🤖 AI Summary
This work exposes a latent threat to algorithmic fairness in healthcare machine learning: missing-data imputation can systematically exacerbate prediction bias against marginalized groups when the missingness mechanism is driven by societal biases. While standard imputation methods—including MICE, KNN, and GAIN—exhibit comparable overall predictive performance, they differentially distort outcomes across demographic subgroups. The study introduces the first causal framework linking clinical missingness mechanisms to group-specific missingness patterns. Through controlled simulations and empirical analysis on real-world electronic health records, it demonstrates that no single imputation strategy universally mitigates fairness disparities. Consequently, the authors propose fairness-aware imputation evaluation criteria and a subgroup-specific validation paradigm. These contributions advance transparency and accountability in ML preprocessing, offering principled guidance for equity-oriented data repair in clinical AI.
📝 Abstract
Biases have marked medical history, leading to unequal care affecting marginalised groups.

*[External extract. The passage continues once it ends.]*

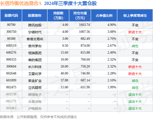 从基金规模来看,长信均衡优选混合A基金2024年三季度公布的基金规模为2.05亿元,较上一期规模1.81亿元变化了2409.95万元,环比变化了13.33%。该基金最新一期资产配置为:股票占净值比92.19%,无债券类资产,现金占净值比9.87%。从基金持仓来看,该基金当季前十大股票仓位达26.85%,第一大重仓股为腾讯控股(00700),持仓占比为4.9%。

The patterns of missingness in observational data often reflect these group discrepancies, but the algorithmic fairness implications of group-specific missingness are not well understood. Despite its potential impact, imputation is too often an overlooked preprocessing step. When explicitly considered, attention is placed on overall performance, ignoring how this preprocessing can reinforce groupspecific inequities. Our work questions this choice by studying how imputation affects downstream algorithmic fairness. First, we provide a structured view of the relationship between clinical presence mechanisms and groupspecific missingness patterns. Then, through simulations and real-world experiments, we demonstrate that the imputation choice influences marginalised group performance and that no imputation strategy consistently reduces disparities. Importantly, our results show that current practices may endanger health equity as similarly performing imputation strategies at the population level can affect marginalised groups differently. Finally, we propose recommendations for mitigating inequities that may stem from a neglected step of the machine learning pipeline.